「講座」商法の古色蒼然

 百科事典や全集などの大きな出版企画はもう売れない、と言われるようになって久しい。なるほど、ちょっと気のきいた辞書ならばいきなりCD-ROMになるご時世。中身以前に書物というメディアの形式そのものが書棚に並べておくだけのご威光さえも失いつつある現状では、それもまたひとつの時流だろう。

 なのに、出版界では未だに大きな講座ものがいくつも企画されている。耳にするところでは、岩波で作っている『講座社会学』はなんと二十数巻にわたる大風呂敷。その他、文化人類学や文学などについても続々と大きな企画が立てられ、制作が進行していると聞く。
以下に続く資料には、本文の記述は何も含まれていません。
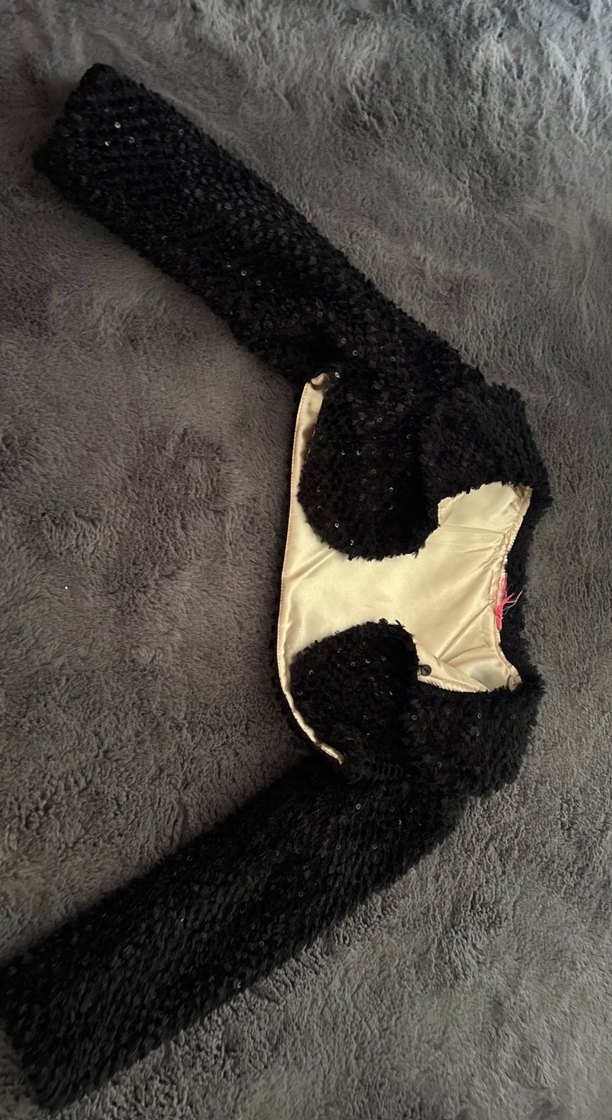 Örgü kumaştan, uzun kollu, yakalı ve siyah renkli, vücuda oturan kız bolero cekettir. Desensiz ve karşı kültür tarzındadır.

 大学ではタテ割りの講座制の解体が促進され、概論から各論、特殊研究、演習などと細分化しながら専門化してゆくこれまでの「○○学」講座でなく、初めから横並びでそれもくだけた「○○論」といった講義題目が今や主流。そのことの是非はまた別に問われねばならないが、少なくとも大学がそういう現状なのに出版界だけがなお「講座」という形式にしがみつくのは奇妙な光景だ。教科書として以外に図書館などの需要を見込んでいるのかも知れないが、それもかなりおめでたい話。ともあれ、「学問」という共通の価値に対する信心までがほぼ解体されてしまったかのような現在、いきなり「講座」などという古色蒼然たる大看板を振り回すご乱心の末路だけは、きっちり見届けておきたいと思う。